How would you draw this? (1 Viewer)

[Dubble-u25]

{z e C | |z − i| < |z − 1| }??

Thankyou

 

[nightweaver066]

{z e C | |z − i| < |z − 1| }??

Thankyou

Oh wow. Similar to the one that Carrotsticks posted earlier today haha.

|z - i| starts from 1 on the imaginary axis.

|z - 1| starts from 1 on the real axis.

Perpendicular bisector of the chord joining those two points is y = x

For |z - i| <= |z - 1|, has to be the region below and including y = x, therefore the region of

 

[Dubble-u25]

Really? haha sorry
hmmm... how does |z- i| and |z - 1| both look like? are they still circles?

 

[Carrotsticks]

Really? haha sorry
hmmm... how does |z- i| and |z - 1| both look like? are they still circles?

Not quite.

The locus is no longer |z-i| = k or |z-1| = k, which would give you a circle.

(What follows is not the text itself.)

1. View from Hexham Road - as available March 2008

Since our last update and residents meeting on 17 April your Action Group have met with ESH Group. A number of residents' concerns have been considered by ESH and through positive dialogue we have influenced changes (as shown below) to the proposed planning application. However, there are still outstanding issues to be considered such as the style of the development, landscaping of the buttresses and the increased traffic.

Now, the two moduli are thrown in together with an inequality in between them, which yields a totally different locus (or set of points satisfying the condition).

 

[nightweaver066]

Wait.. do you do MX2 (your signature)?

|z| means the displacement of the complex number, z, from the origin.

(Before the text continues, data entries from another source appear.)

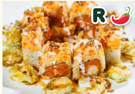
MONSTER ROLL 16.50

deep fried shrimp, crab topped with salmon / tangy sauce
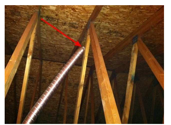
extend to roof vent

The two bathroom exhaust fans are discharging into the attic. Excessive moisture can build up in the insulation, creating a condition for mold growth. A duct should be installed from the fan exhaust to a roof vent.
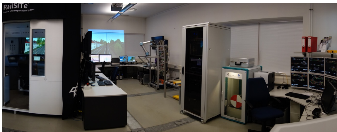
Figure 1: RailSiTe ® simulation and testing laboratory.

Abstract: RailSiTe ® (Rail Simulation and Testing) is DLR's rail simulation and testing laboratory (see Figure 1). It is the implementation of a fully modular concept for the simulation of on-board and trackside control and safety technology. The RailSiTe ® laboratory additionally comprises the RailSET (Railway Simulation Environment for Train Drivers and Operators) human-factors laboratory, a realistic environment containing a realistic train mockup including 3D simulation.
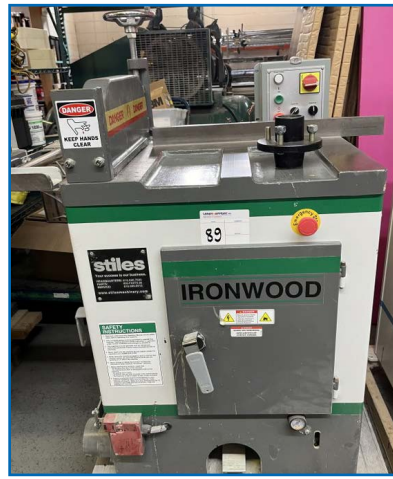
Ironwood Left Hand Pneumatic Under Cut-Off Saw - Model 18L
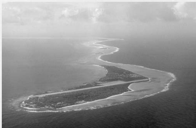
View of the Enyu Island in the Bikini Atoll.

Nuclear testing became a political, as well as a scientific, enterprise.

Similarly, by shifting it upwards 1 unit, |z - i|, means the displacement of the complex number, z, from 1 unit above the origin, i.e. (0, 1).

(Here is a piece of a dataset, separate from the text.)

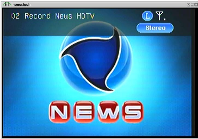
Record News-46 Campinas, Brazil 78 km Odd that they use English "news"
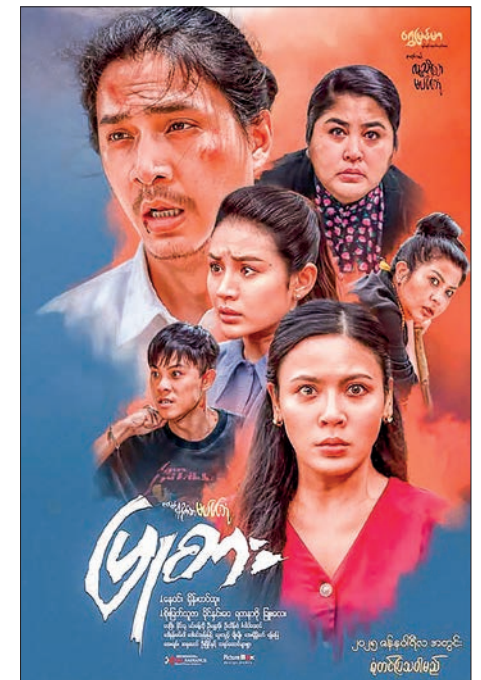
This image showcases a poster for the 'Pyusa' film.

Same thing with |z - 1|, just meaning the displacement of the complex number, z, from 1 unit to the right of the origin, i.e. (1, 0).

First look for the region where equality holds, i.e. the displacement from |z - 1| and |z - i| are equal. You find that this is y = x (the perpendicular bisector of the chord between (1, 0) and (0, 1) ).

Then you determine whether it will be above or below the line by testing a point seeing if it satisfies the condition.

 

[Dubble-u25]

ahh i see... thanks for clearing it up